Hewitt is not the only Maine-born actor to come back to Maine to work with Portland Stage. According to Carole Harris, marketing and public relations director for Portland Stage, many Maine actors join the company each season.
"It really depends on the needs of production and the demands of the role," she said. "We are constantly looking for the best talent and there is a lot of great talent out there that has come from Maine, is now living in Maine or is living elsewhere and has come back."
Hewitt, Harris said, auditioned her in New York and the company didn't realize she was a Mainer until later.
Hewitt said she came back to work in Portland because of the fond memories she has of going to Portland Stage to see student matinees when she was in high school.
“At that point I sort of had an inkling that I wanted to be an actor, so it was super exciting to see these amazing productions," she said. "When I got cast in this it really felt really exciting to literally be on that stage, where I had once so admired the actors."
Hewitt's character was born in France in 1775 and rose from poverty to become a friend and favorted painter to Antoinette. In the play, Elisa uses her relationship with Count Alexis de Ligne to become close to the queen, earning her friendship.
“It’s tricky because it’s kind of like, where does the friendship come in and the ambition, negotiating with that,” Hewitt said.
Plays like "Marie Antoinette: The Color of Flesh" offer characters that Hewitt said she especially loves to play. She said she enjoys getting the chance to lose herself in a character.
“The parts that I love to play are the ones where I’m completely immersed in the world and in the character, so much so that I wake up in the middle of the night thinking about a moment or a line,” she said. “In this play it would be sort of hard not to be consumed because the world is so specific, the language is so specific and the parts are so huge.”

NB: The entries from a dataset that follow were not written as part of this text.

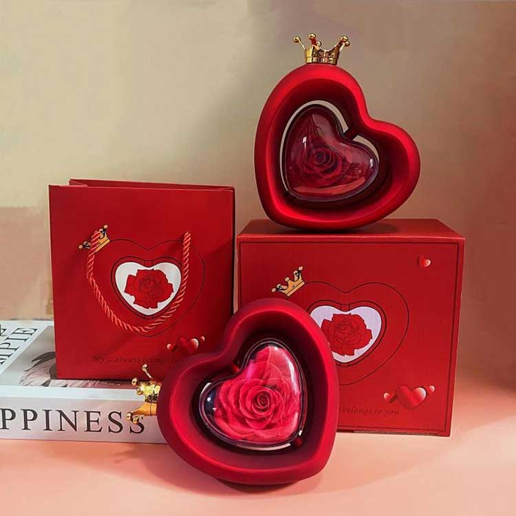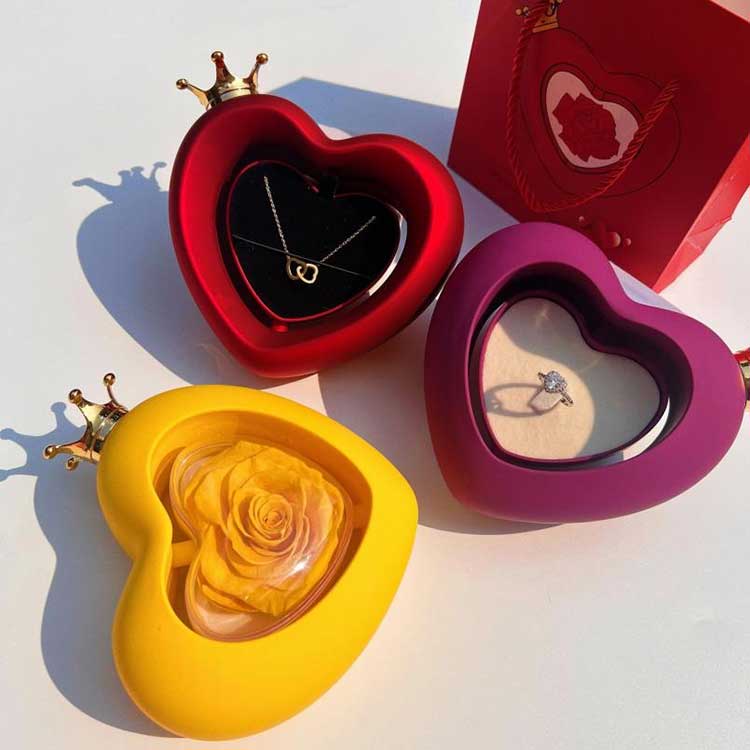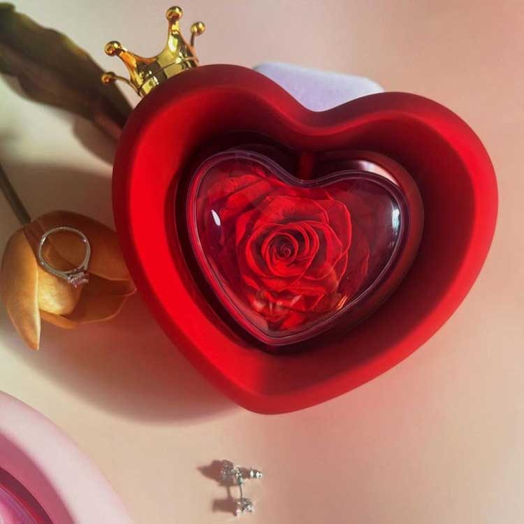Úsáideann Bosca Jewelry Rose Cruth Croí bláthanna leasaithe grád A, a bhfuil a dath agus a uigeacht aitheanta ó bhláthanna úra.
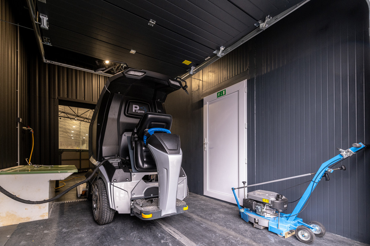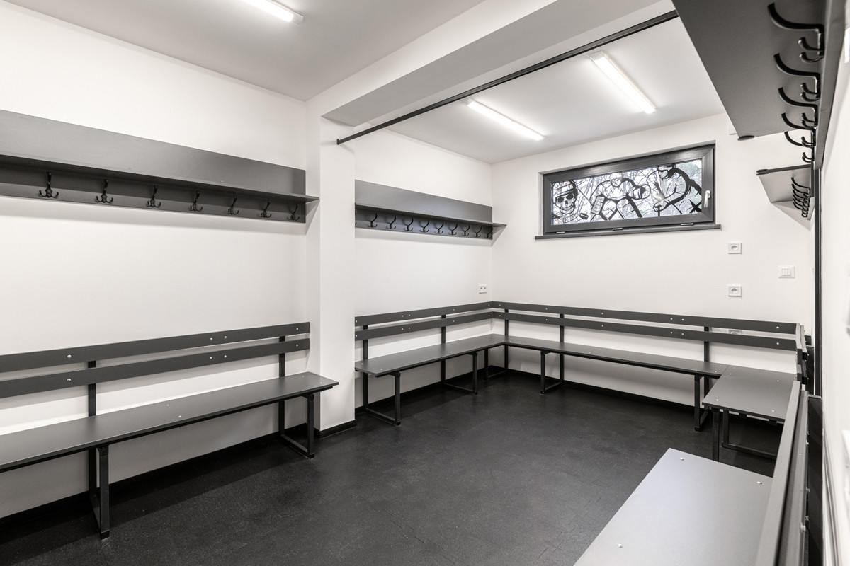 Zázemí obsahuje šatny, toalety, kuchyňku, kanceláře a prostor pro rolbu o celkové ploše 92,2 m². Opláštění tvoří izolační obklad minerálními panely, fasádu kryje nový tmavě šedý trapézový plech. Vnitřní část je obložena protipožárními sádrokartony, podlaha ve vytápěných prostorech je vinylová, v prostoru rolbovny gumová. Topení elektrické formou topných panelů. Realizovali jsme i rekonstrukci původní haly, která slouží jako zastřešení ledové plochy.
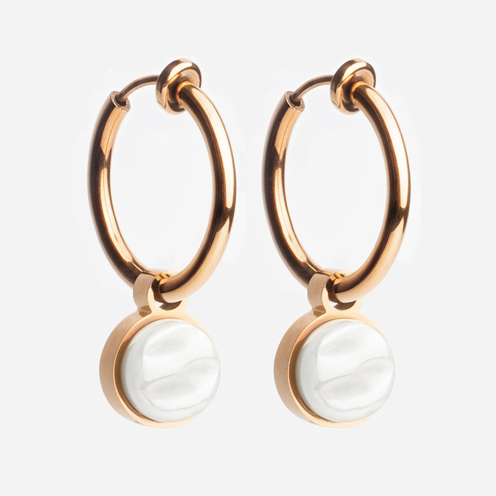 Clip-Ohrringe mit auswechselbarem Anhänger (Perlmutt weiß)
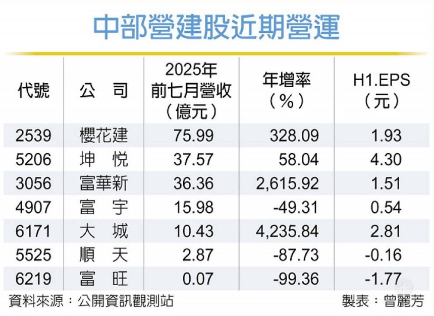 法人分析,包括櫻花建、坤悅、富華新(3056)、大城(6171),上半年均受惠交屋潮挹注,獲利表現亮眼。隨著下半年進入交屋高峰期,櫻花建、坤悅、順天(5525)、富旺2025年營收獲利將全面超越2024年。
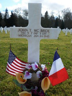 T/5 John T. McBride attended high school for four years and was a spotwelder employed by the United Steel and Wire Company.He enlisted in Kalamazoo, Michigan on 21 April 1943. He was sent overseas in the fall of 1944.
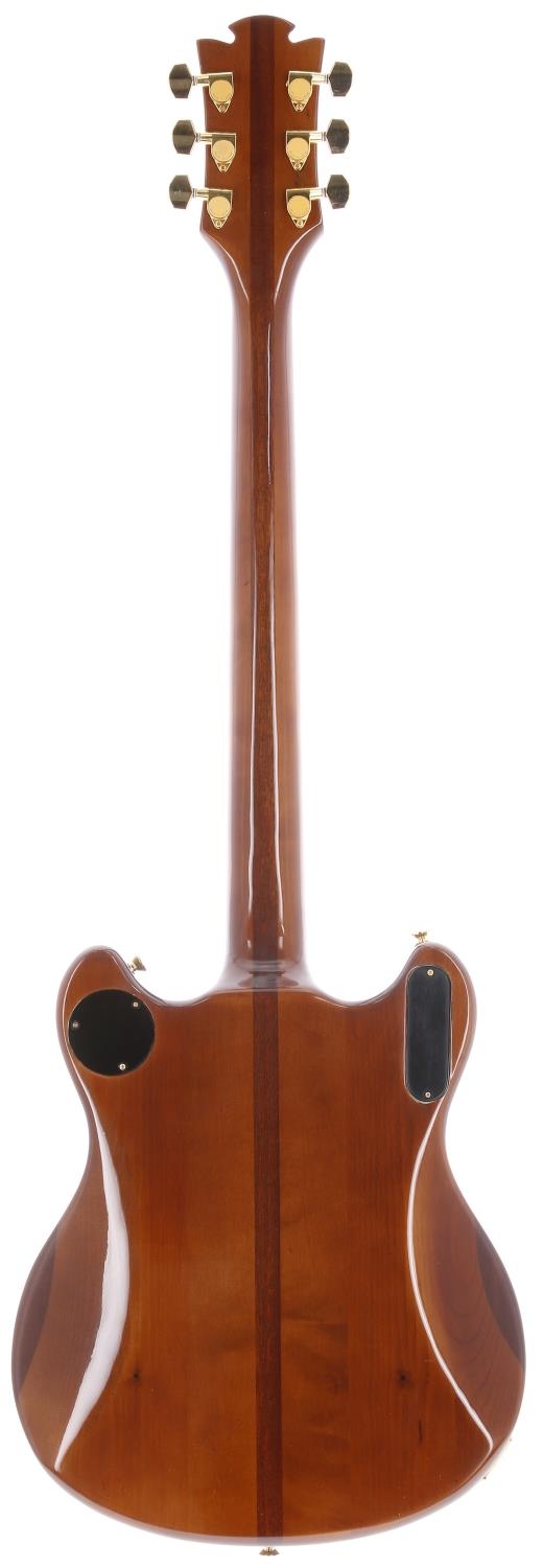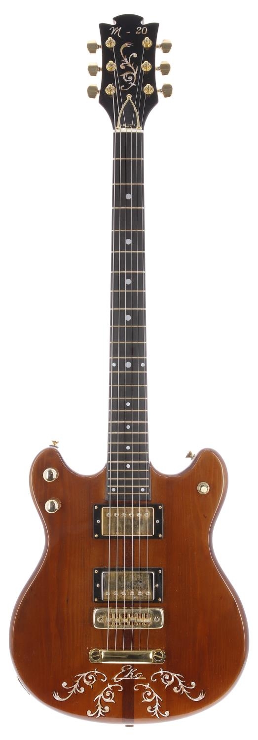 Roberto Bradoni Custom Eko M-20 electric guitar, made in England using original Eko parts; Body: walnut finish with pearl Eko inlay below stop bar; Neck: good, neck through; Fretboard: ebony; Frets: good; Electrics: working; Hardware: generally good, some loss to gold plating; Case: Soundsation hard case; Weight: 4.11kg; Overall condition: good
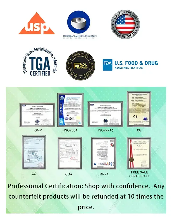 NAD&NMN: NAD & NMN boost mitochondrial energy metabolism, enhance cellular repair, and accelerate fat burning. They also delay aging, reduce free radical damage, and increase averall vitality.
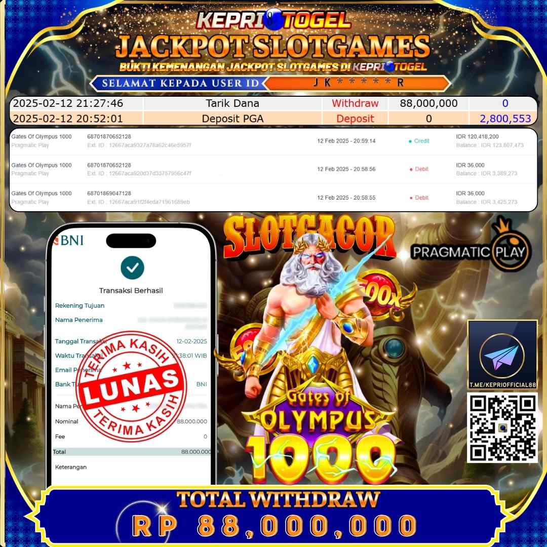 Kepritogel Jackpot Slot Gates Of Olympus 1000 Rp88,000,000
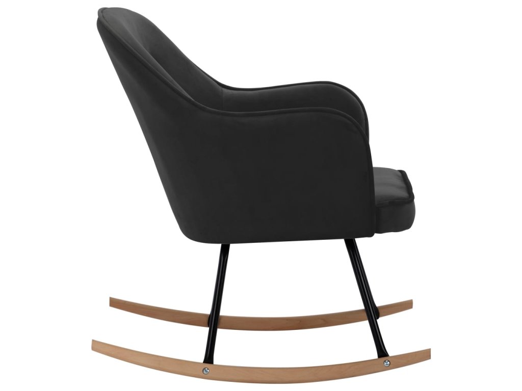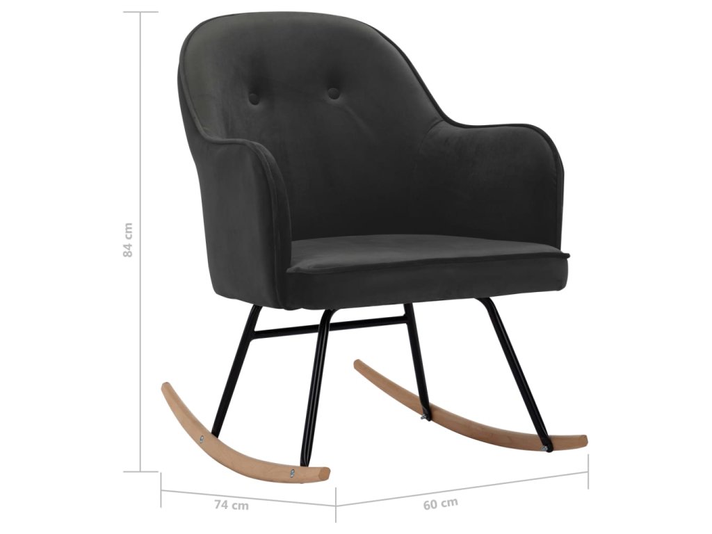 Houpací křeslo je čalouněné sametovým materiálem a je vyrobené z práškově lakovaného železného rámu, a proto je stabilní a zároveň měkké. Silně polstrovaný sedák zaručuje extra pohodlí při odpočinku v tomto houpacím křesle. Nohy z bukového dřeva navíc zajišťují vysokou stabilitu. Křeslo, designované s dlouhými houpacími nohami, se jen tak nepřeklopí.
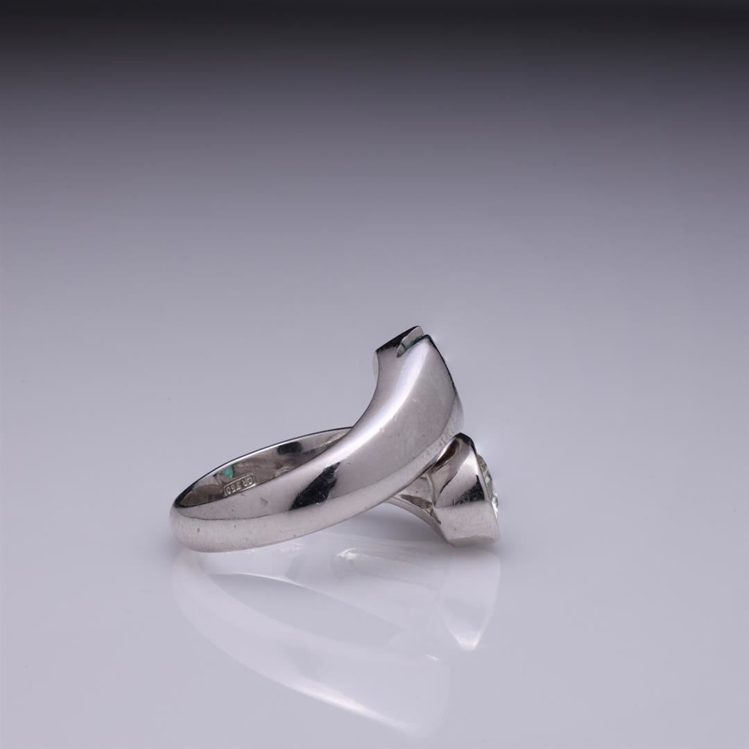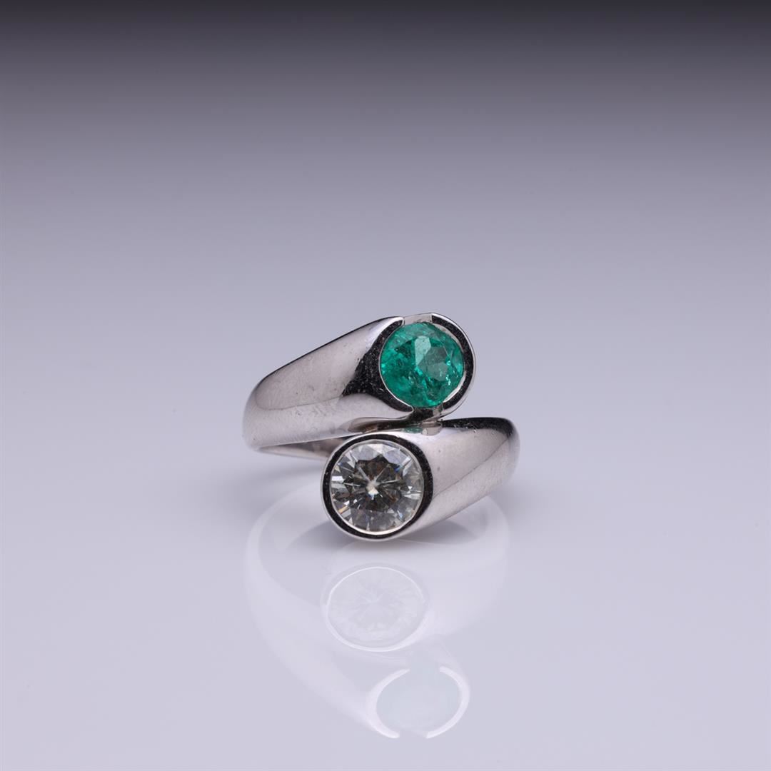 18k White Gold Moissanite & Emerald Crossover Ring by Carlo Rici containing one round moissanite weighing approximately 1.0 cts. One round cut emerald weighing approximately 1.0 cts. Total weight of ring is 12.5 gm. Estimated retail value $5,500.
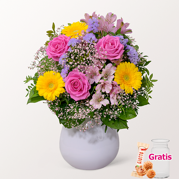 Märchenhafter Blumenstrauß mit rosa Rosen, fliederfarbener Statice, gelben Germini, hellrosa Schleierkraut, rosa Alstromerie, Pistochia und Salal. Durchmesser ca. 30 cm. Frisch für Dich zusammengestellt, mit Pflegetipps, Blumennahrung und Wasser versorgt.

“I think that Elisa battles with herself in the way that we all do, in the way that I know I do,” she continued. “In terms of exploding with anger or passion or being frustrated or lying about things and it feels much more ripe in that way than some other roles that I have played and I relate to that because none of user are just one thing and its nice to have a character that has so many complexities; a sort of fraught character.”
Hewitt shares the stage with actors Ellen Adair (Marie Antoinette) and Tony Roach (Count Alexis de Ligne). She said the play, based on a love triangle between her character, the Count and Marie, will get the audience to think and respond emotionally.
“I love plays that have an intellectual and thoughtful side and also a really strong emotional life; I think that, ideally, all plays should,” she said. “And I think that this play is so strong with both of those that he audience will respond really well. They’re gonna feel things and their gonna think about things, which is always good.”